Statistical Uncertainty Analysis for Stochastic Simulation

TL;DR

This paper introduces a method to accurately quantify total statistical uncertainty in stochastic simulation outputs by combining bootstrapping, stochastic kriging metamodeling, and variance decomposition, addressing both simulation and input data uncertainties.

Contribution

It presents a novel approach that integrates bootstrapping and stochastic kriging to produce confidence intervals accounting for all sources of uncertainty in simulation performance estimates.

Findings

The method effectively captures combined simulation and input uncertainty.

Variance decomposition identifies the dominant source of uncertainty.
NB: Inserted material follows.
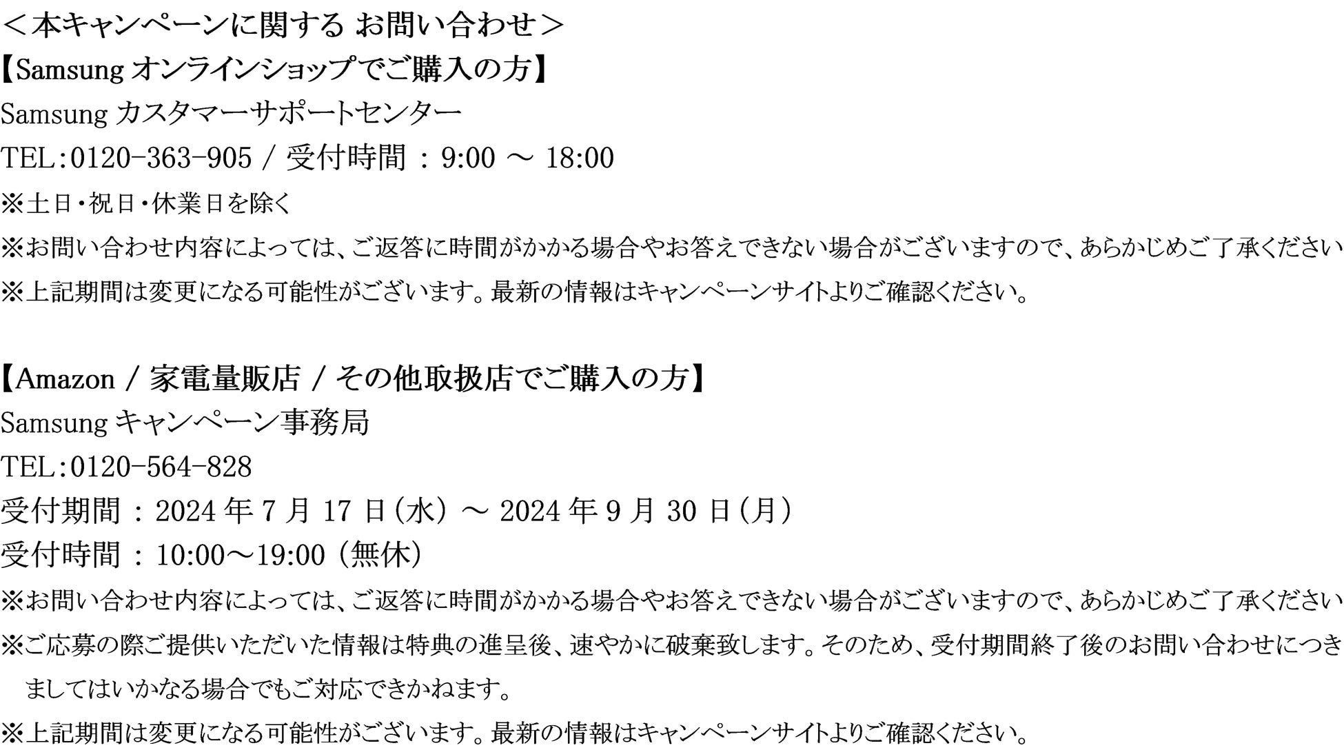 ※キャンペーンに参加する前に、Samsungオンラインショップ利用規約<https://shop.samsung.com/jp/termsandconditions>を必ずご確認ください。

Empirical results show good finite-sample performance of the approach.

Abstract

When we use simulation to evaluate the performance of a stochastic system, the simulation often contains input distributions estimated from real-world data; therefore, there is both simulation and input uncertainty in the performance estimates. Ignoring either source of uncertainty underestimates the overall statistical error. Simulation uncertainty can be reduced by additional computation (e.g., more replications). Input uncertainty can be reduced by collecting more real-world data, when feasible. This paper proposes an approach to quantify overall statistical uncertainty when the simulation is driven by independent parametric input distributions; specifically, we produce a confidence interval that accounts for both simulation and input uncertainty by using a metamodel-assisted bootstrapping approach. The input uncertainty is measured via bootstrapping, an equation-based stochastic kriging metamodel propagates the input uncertainty to the output mean, and both simulation and metamodel uncertainty are derived using properties of the metamodel. A variance decomposition is proposed to estimate the relative contribution of input to overall uncertainty; this information indicates whether the overall uncertainty can be significantly reduced through additional simulation alone. Asymptotic analysis provides theoretical support for our approach, while an empirical study demonstrates that it has good finite-sample performance.